Время делать ставки, как предложил ещё днем Али, улыбнулся. И отвернулся первым я, оказался нос к носу с Север, что из женского шатра вышла, поразила в миллионный раз красотой, традиционным нарядом племени Шаахза.
Что прискакали к нашим машинам ближе к полудню, потребовали разговор с Гийомом, как со своим, а после пригласили в деревню. И отказаться стало бы большим оскорблением, как тихо шепнул переводивший Гийом. Шла свадьба, на которой нам предложили остаться дорогими гостями.
Развели костры.
— Почему ты сам не остановил? — вопрос, мучающий больше суток, я задаю.
Наблюдаю, как и он, за ней.
Север же запрокидывает голову, встряхивает шевелюрой, и длинный подол диковинного наряда она поднимает, открывает ноги, мелькают тонкие щиколотки.
В пестрой толпе женщин и детей Север, всё одно, неуловимо выделяется. Она улыбается широко, смеется. Как смеялась днём, когда в футбол с детьми играть подалась, подначила меня, и отказаться я не смог.
Повелся на слабо.
На её насмешливое: «Играешь? Или преклонный возраст, Димитрий?»
— Она не моя женщина, — Гийом отвечает не сразу.
Тогда, когда я уже перестаю ждать ответа, и возразить, всё ж получив этот ответ, ему хочется. Север ведь и не моя женщина, она сама по себе. Или с Любошем, который всегда ждёт её в Праге, а она к нему приезжает, возвращается.
И, по-хорошему, это ему следовало писать и звонить. И мне следовало ему позвонить, сообщить, но отвечать даже себе — почему не позвонил и не сообщил — я не хочу.
Пусть и знаю, совершенно точно, почему.
— Квета понравилась Басиру, — Гийом, вырывая из нахлынувшего раздражения, произносит негромко, и сообразить, что Басиром зовут шейха племени, приходится. — Когда вернется ваш друг, Али доставит вас в Каир. Квете будет лучше уехать из Египта.
— Уедет, — я обещаю.
А Север, заливаясь смехом, беспечно кружится…
…кружится взявшийся непонятно откуда пожухлый прошлогодний лист.
Удивляет.
И я моргаю, прогоняю воспоминания, что душат и сейчас. Я ведь запретил себе вспоминать Каир, те два дня и необычно полупустое в ночи здание аэропорта, в которое Али нас привез и в котором мы с Север, потеряв ещё где-то на стоянке Ника, прощались долго и несуразно.

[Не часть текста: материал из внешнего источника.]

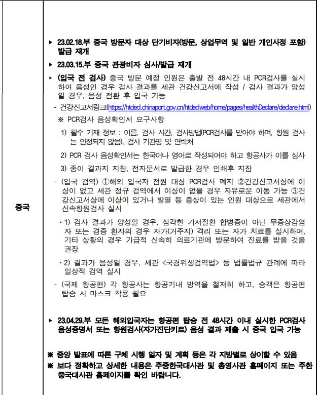 2. 중국 입국시 코로나 검사 조건 (4/29일부터 변경)
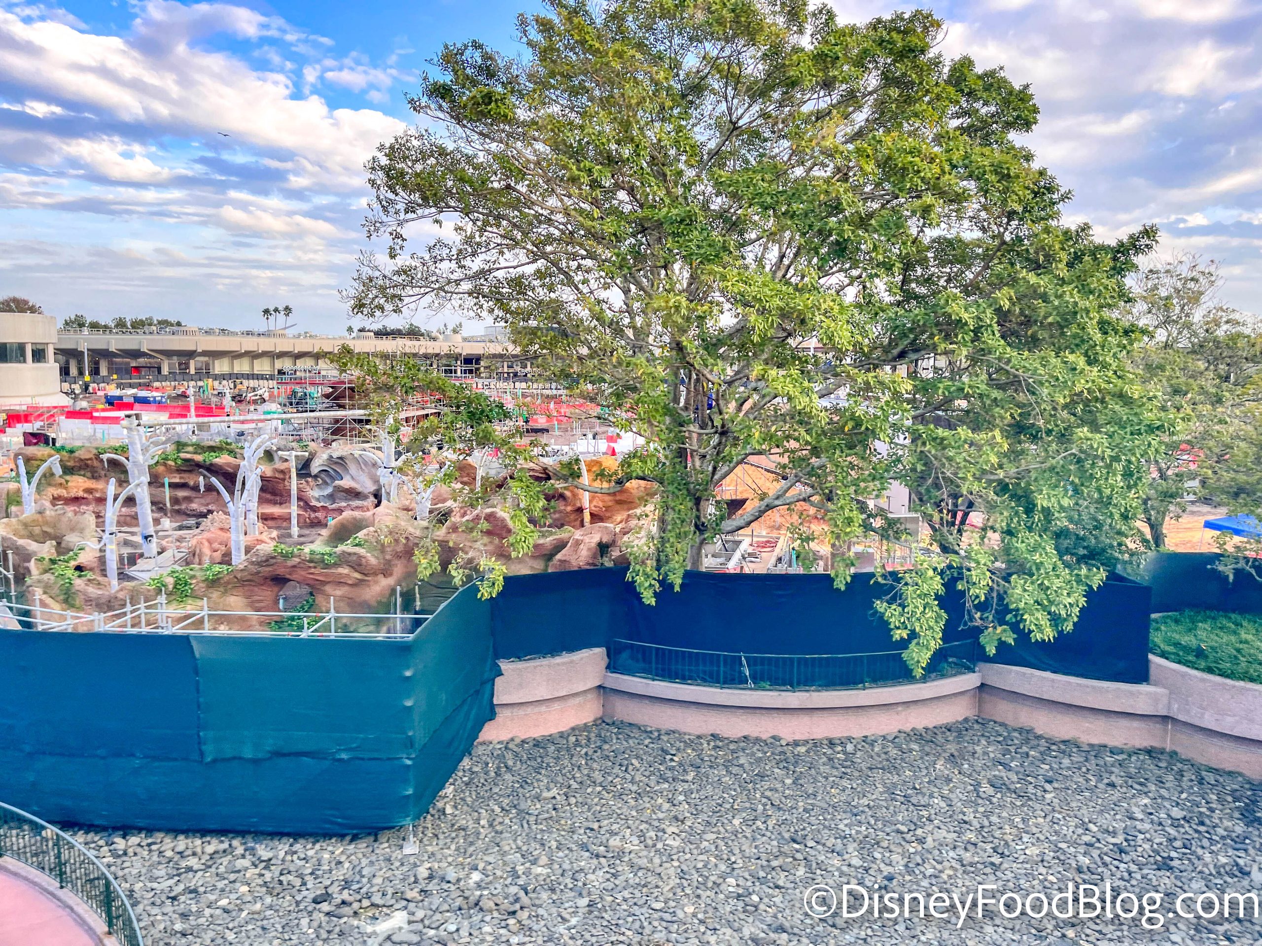 And finally, we have a photo to show the construction nearest to Spaceship Earth. Directly behind the EPCOT icon, you’ll find some beautiful gardens and Dreamers Point, which will include a statue of Walt Disney. Right now, not much is changing in this area, but we’ll keep our eyes peeled for more updates!

Так и не простились в общем-то, не сказали ничего. Кажется, упустили что-то неуловимое и эфемерное, но сверхважное и безумно ценное.
Как и сегодня.
— Мы не умеем прощаться… — я усмехаюсь.
Вслух, ибо тишина четвертого часа — самого потустороннего часа, когда уже не ночь, но ещё и не утро — по вискам бьет, давит и обносит, сводя с ума. И по карманам в поисках папирос я хлопаю, выуживаю зажигалку, поскольку надо.
Немедленно надо закурить.
Разъесть едким дымом и эту ночь, и собственную предательскую память, выкурить их к чертовой матери. И ещё лет пять столь же успешно не вспоминать ни Сахару, ни Север в чуждых нарядах и платках, ни тем более взгляда её огромных глаз в аэропорту, где… где мы молчали.
Стояли.
Глядели, и мне вспоминалась физика, на которой разобранный магнит я брал, разводил полюса, ощущая, как их тянет, притягивает друг к другу, потому что так и только так правильно, по законам самой природы правильно.
И с Север было также.
Притягивалось.
Вопреки здравому смыслу, который поцеловать её и не дал, остановил в тот самый последний момент, когда она выдохнула свой ахматовский горький вопрос в губы, опалила дыханием, духами и жаром.
Ушла, не оглядываясь.
— На хрен, — я выдыхаю и слова, и дым.
Тушу папиросу.
Не возвращаюсь в отель, в котором стены давить будут вкупе с тишиной, и с ума я точно сойду, не дотяну до рассвета, поэтому пройтись безопасней. Выветрить из головы все лишние мысли, сосредоточиться на настоящем и важном.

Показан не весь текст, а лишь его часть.